Molecular machines, defined by E. Drexel as “mechanical devices that perform useful functions using components of nanometer-scale and defined molecular structure”, have been known to play a crucial role in physiological functions such as mechanical motion, signal transduction and cellular transport.14,15 Among these molecular machines, the DNA walker, which was first proposed by Seeman in 2004,16 has attracted a lot of interest for the construction of biosensors. Through DNA strand displacement or DNAzyme/endonuclease-mediated DNA hydrolysis, it moves autonomously and progressively along a linear DNA track, in order to convert chemical energy to mechanical motion as a machine. Gold nanoparticles (AuNPs), owing to their distinct physical and chemical attributes such as unique optoelectronic properties, excellent biocompatibility and size controllability, are excellent scaffolds for the design of DNA walkers.17 For example, X. Chris Le developed a DNA walker that operates in living cells for microRNA detection.18 Lei introduced a super DNA walker machine in order to monitor the telomerase activity in humans.19 Li established a dual-enzyme-assisted 3D DNA walking machine for quantitative detection of T4 polynucleotide kinase.20 Fan's group reported a particle stochastic DNA walker for monitoring DNA hybridization, which is powered by exonuclease III.21 Even though these DNA walkers achieved satisfactory results in bioanalysis, there is still large room for improvement in signal output. All these methods are used by molecular beacons, which have a fluorescent modified-DNA probe as a signal output. This may sometimes generate a false positive signal and high background. Thus, more attention should be paid to designing a new DNA walker for sensitive detection, and low background and effective signal amplification are essential to meet the requirements.
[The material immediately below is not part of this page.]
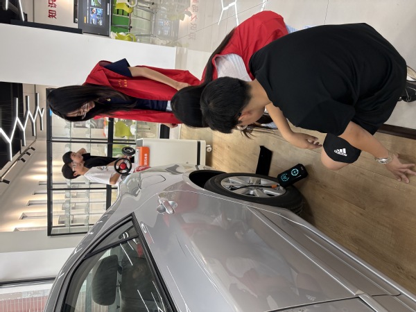 在理论讲解之后,最令人期待的实践环节——车辆胎压监测和维护正式拉开帷幕。志愿者们将同学们分成小组,手把手地教他们如何使用胎压监测设备,如何读取数据,并根据数据判断轮胎的胎压是否正常。同学们在志愿者的指导下,小心翼翼地操作着设备,眼神中透露出专注和好奇。当发现轮胎胎压异常时,志愿者们又耐心地讲解如何进行正确的胎压调整和维护,让同学们亲身体验到汽车维护工程师的实际工作内容。

8–17 DNAzyme, a well-known DNAzyme, owing to its advantages of being more stable and highly catalytic, has been widely employed in signal amplification strategies for sensing a variety of targets such as metal ions,22–25 single nucleotide polymorphisms (SNPs),26 miRNAs,27,28 small molecules,29–31 proteins32 and others.33 Through the introduction of divalent metal ions (such as Pb2+, Mn2+ and Zn2+), it can show strong catalytic ability.34 So far, little research has been reported utilizing 8–17 DNAzyme to construct a DNA walker as a signal amplification strategy. Thus, development of a new DNA walker based on 8–17 DNAzyme is highly desirable for bioanalysis and diagnosis.
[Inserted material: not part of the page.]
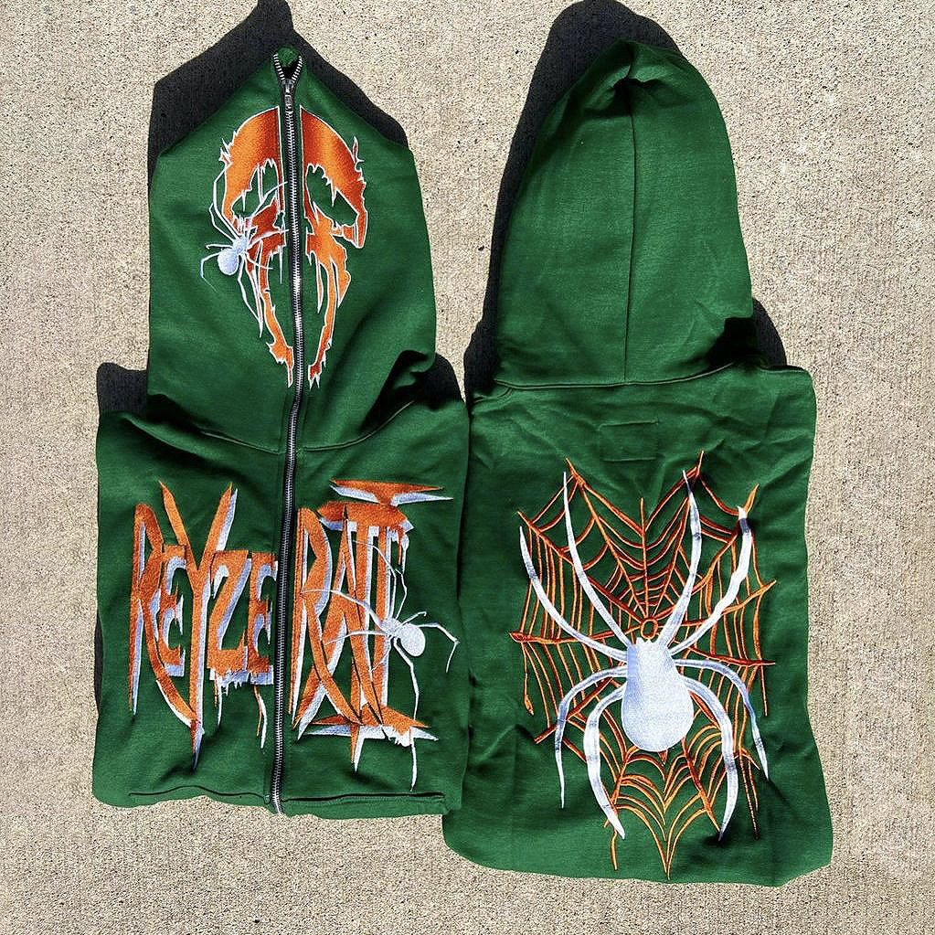 Stylish Skull Spider Print Long Sleeve Hoodie

Streptavidin is an exocrine protein in the culture of Streptomyces avidinii, which was discovered by Stapley in 1963 when screening antibiotics.35 Its affinity toward biotin is very strong, and the biotin–streptavidin system (BAS) has many advantages, such as high affinity, high sensitivity, strong specificity, good stability, signal amplification and so on.36 It has been widely used in immunology, molecular biology, histochemistry and other fields.37 In this way, it is significant for accurate streptavidin quantification.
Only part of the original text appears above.